Camiye Gitmek İçin Atılan İlk Adım
Camiye gitmek için atılan ilk adımla fert için ibadetin başlamış olacağı” esası, evden veya işyerinden camiye gidip-gelirken yollarda her türlü hafiflik ve aşırılıklardan uzak, vakur, ağır başlı gidilip gelinmesini sağlayacaktır. Günde beş defa, bu şekilde gidip-gelmelerle de, yukarıda zikredilen esaslardan (prensiplerden) dolayı sokak adabı, davranışları bir alışkanlık halini alacak, herkesin nefsinde ayrı ayrı yerleşecek ve böylece fertler arası bil sokak terbiyesi doğarak kuvvetlenecektir. Bunun sonucu olarak, kim olursa olsun, nereye giderse gitsin herkes mabette yürürmüşçesine sessiz sedasız her türlü patırtı-gürültüden uzak yoluna devam edecektir.

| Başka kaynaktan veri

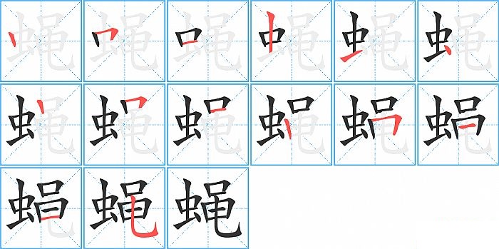 蝇是左右结构,蝇的部首是“虫”,部外笔画8画,总笔画14画,蝇的笔画顺序是“竖、横折、横、竖、横、点、竖、横折、横、竖、横折、横、横、竖弯钩”。看看“蝇”字什么意思 >>

Yine camiye ibadet etmeye giden kimsenin içinde, mekândan münezzeh olan Allah Teala’yı ziyarete gidiyormuş gibi bir sevinç ve her adımda sanki O’na biraz daha yaklaşıyormuş gibi bir heyecan ve bu halin aksi olarak da camiden ayrılırken içinde vazifesini yapmanın verdiği rahatlığa rağmen,yine sanki O’ndan ayrılıyormuşcasına duyduğu ıztırap içinde Allah Tealayı daha çok memnun etmek ve her geçen gün O’na daha fazla yaklaşmak ve ayrılığı olmayan bir kavuşmanın arzu ve hevesini doğuracak ve kuvvetlendirecektir. İşte bu Allah Teala’ya hergün biraz daha fazla yaklaşma arzusu, İslâmiyetin “Sizin en hayırlınız, insanlara en hayırlı olanınızdır” ve benzeri emirleriyle bir yön ve istikamet, bir şekil kazanacak ve böylece her geçen gün Allah Teala’ya daha fazla yaklaşma arzusu ile dolu olan bu kimseler zamanla doğru orantılı olarak yurttaşlarına daha faydalı, daha hayırlı daha fedakâr olmanın hevesiyle yanıp tutuşacaklar, bu hususta birbirleriyle yarışacaklar ve devamlı olarak zihnen de bütün imkânlarını zorlayarak müsbet bir şeyler yapmanın çarelerini arayacaklardır. Bu hal de yurdumuzun kısa zamanda terakkisini gerçekleştirecektir.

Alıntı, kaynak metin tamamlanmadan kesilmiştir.